If you’ve ever been to a library, you may have noticed that books are sorted by author within a particular section. Say you’re looking for a book whose author’s last name is Martin, and you have just found out the author of the last book on a given shelf starts with an F, you can then be sure the right shelf is somewhere after this one. By following this method, you can narrow your search until you find the book you’re looking for.

Binary search works the same way. If you’re searching for an x element in an array with n elements, you pick the n/2 element and compare it with x. If it is greater, you do the same with the sub-array starting at (n/2)+1 and ending at n. If it is less, you do the same with the sub-array that starts at 1 and ends at n/2, and then proceed recursively. Here’s an interesting demonstration of this algorithm.

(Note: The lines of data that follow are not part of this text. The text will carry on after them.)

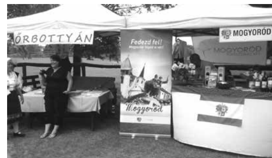
Órbottyán és Mogyoród település bemutatkozó standjai
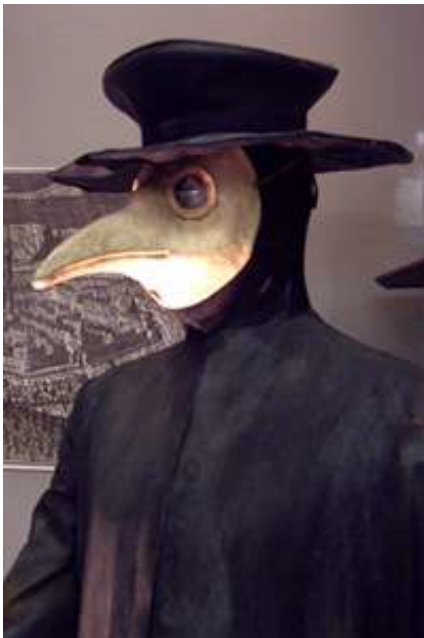
Protection des médecins de la peste contre l'épidémie
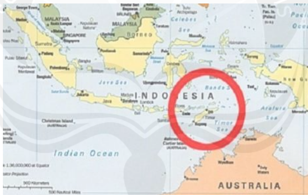
Gambar 1.1 Peta Lokasi Penelitian

Timor Plaza Mall terletak di Jalan Comoro - Nicolau Lobato, Kota Dili - Republica Democratica De Timor Leste terletak (RDTL) di ujung timur dari jajaran Nusa Tenggara atau bagian timur Pulau Timor.
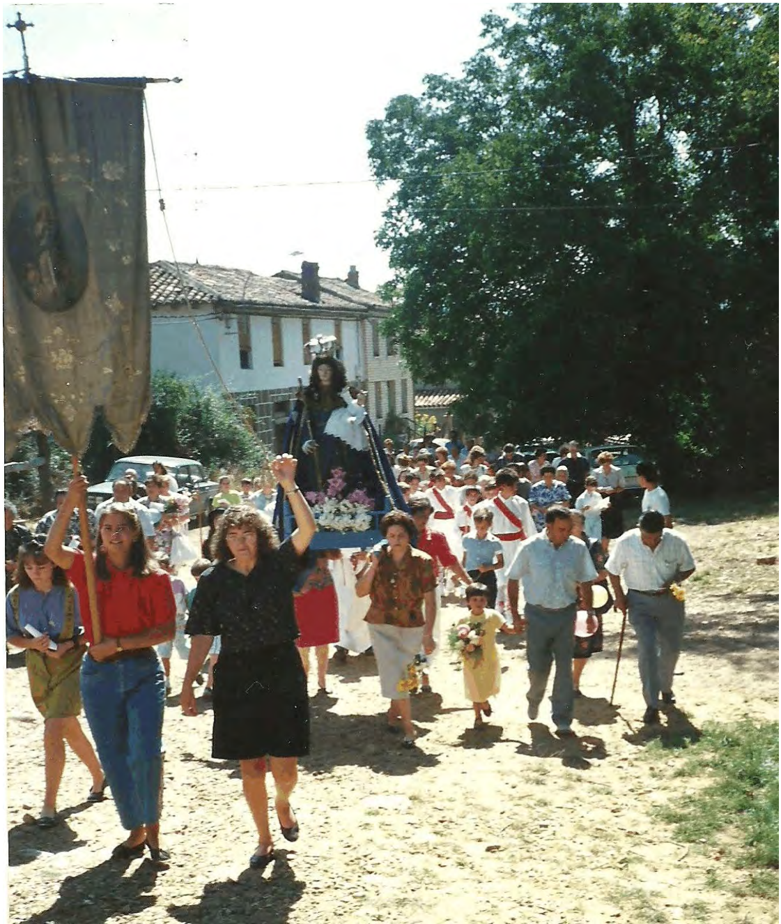
Foto 13. Procesi3n de la Bendita Peregrina, subiendo por la calle Grande, 12-08-1989.

As for the number of comparisons, it is on average a lot smaller than you would get from the naive search algorithm (where you compare each element in the array). It is also faster on average and very useful to find elements on a sorted collection.

Bisect

Bisect uses binary search to find the commit (i.e. the diff) that introduced a particular change to your branch.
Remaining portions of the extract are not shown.